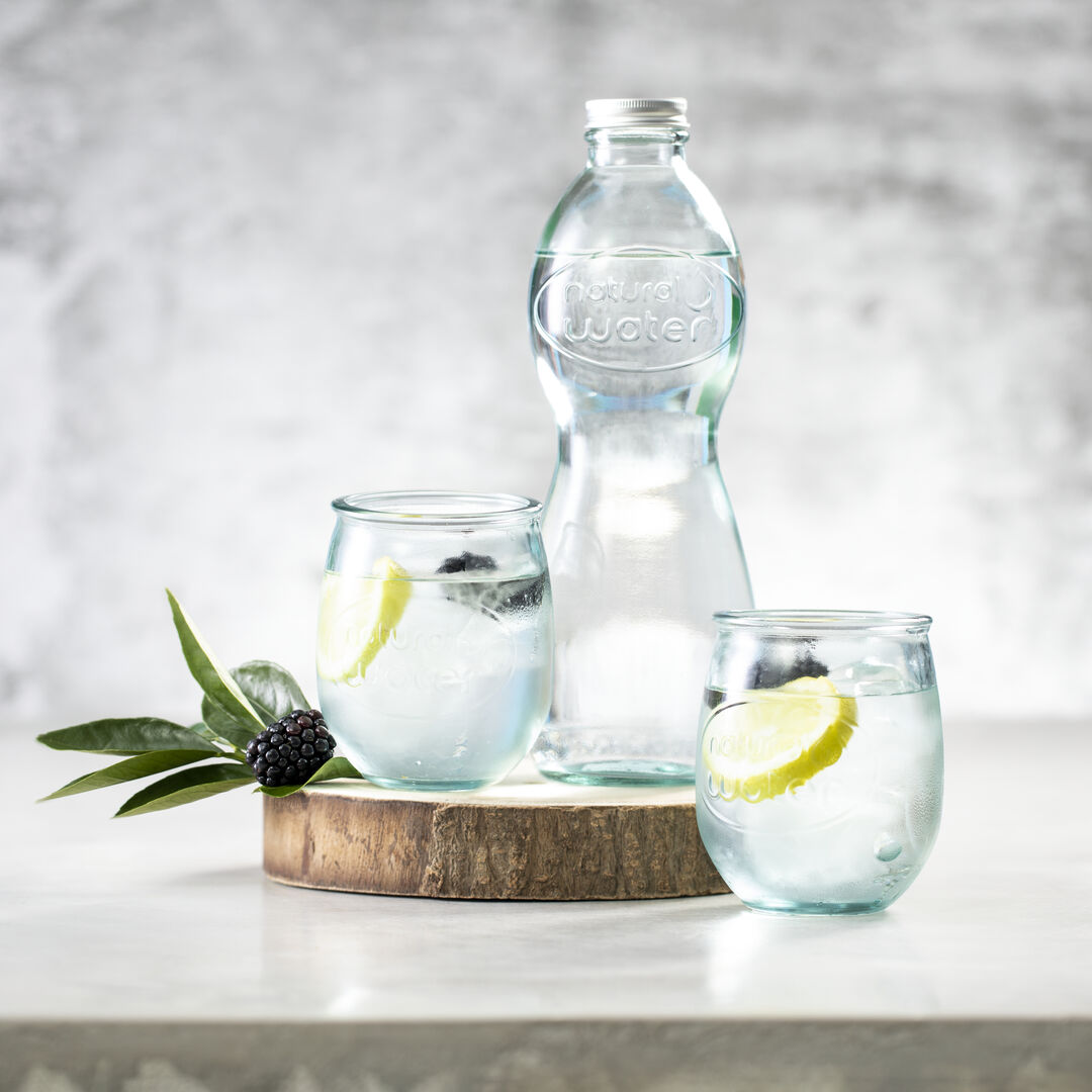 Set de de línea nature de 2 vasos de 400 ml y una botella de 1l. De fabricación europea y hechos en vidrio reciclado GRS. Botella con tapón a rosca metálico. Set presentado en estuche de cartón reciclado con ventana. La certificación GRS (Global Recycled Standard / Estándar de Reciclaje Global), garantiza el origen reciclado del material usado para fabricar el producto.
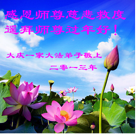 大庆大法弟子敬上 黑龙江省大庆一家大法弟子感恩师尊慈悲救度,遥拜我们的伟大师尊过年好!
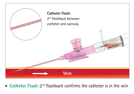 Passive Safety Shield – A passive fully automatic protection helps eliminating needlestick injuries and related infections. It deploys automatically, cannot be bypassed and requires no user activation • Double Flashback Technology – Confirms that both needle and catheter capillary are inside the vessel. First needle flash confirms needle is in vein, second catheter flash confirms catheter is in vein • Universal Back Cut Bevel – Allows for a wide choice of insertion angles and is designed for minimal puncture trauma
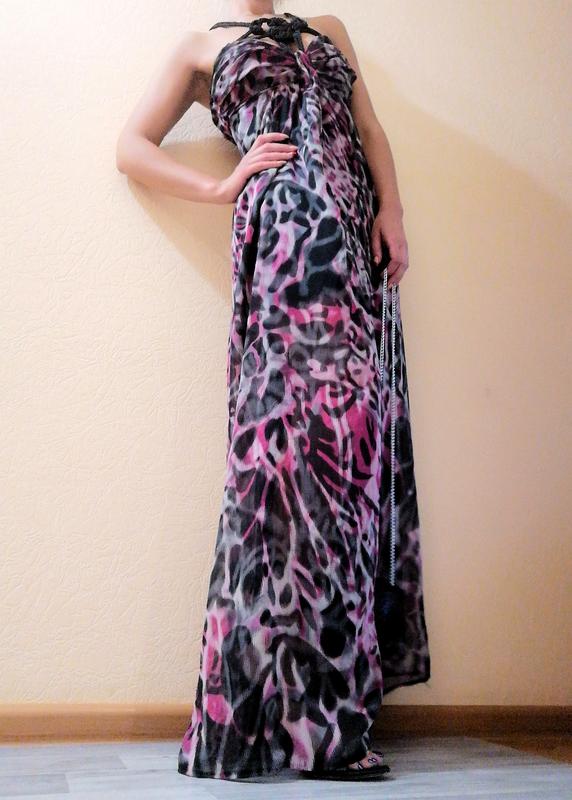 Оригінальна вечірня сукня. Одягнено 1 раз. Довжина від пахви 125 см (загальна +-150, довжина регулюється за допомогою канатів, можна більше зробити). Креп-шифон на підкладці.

_ _ _ _

# Your task:
Take the material above and set it down exactly, minus the images.

# Exercise response:
 Set de de línea nature de 2 vasos de 400 ml y una botella de 1l. De fabricación europea y hechos en vidrio reciclado GRS. Botella con tapón a rosca metálico. Set presentado en estuche de cartón reciclado con ventana. La certificación GRS (Global Recycled Standard / Estándar de Reciclaje Global), garantiza el origen reciclado del material usado para fabricar el producto.
 大庆大法弟子敬上 黑龙江省大庆一家大法弟子感恩师尊慈悲救度,遥拜我们的伟大师尊过年好!
 Passive Safety Shield – A passive fully automatic protection helps eliminating needlestick injuries and related infections. It deploys automatically, cannot be bypassed and requires no user activation • Double Flashback Technology – Confirms that both needle and catheter capillary are inside the vessel. First needle flash confirms needle is in vein, second catheter flash confirms catheter is in vein • Universal Back Cut Bevel – Allows for a wide choice of insertion angles and is designed for minimal puncture trauma
 Оригінальна вечірня сукня. Одягнено 1 раз. Довжина від пахви 125 см (загальна +-150, довжина регулюється за допомогою канатів, можна більше зробити). Креп-шифон на підкладці.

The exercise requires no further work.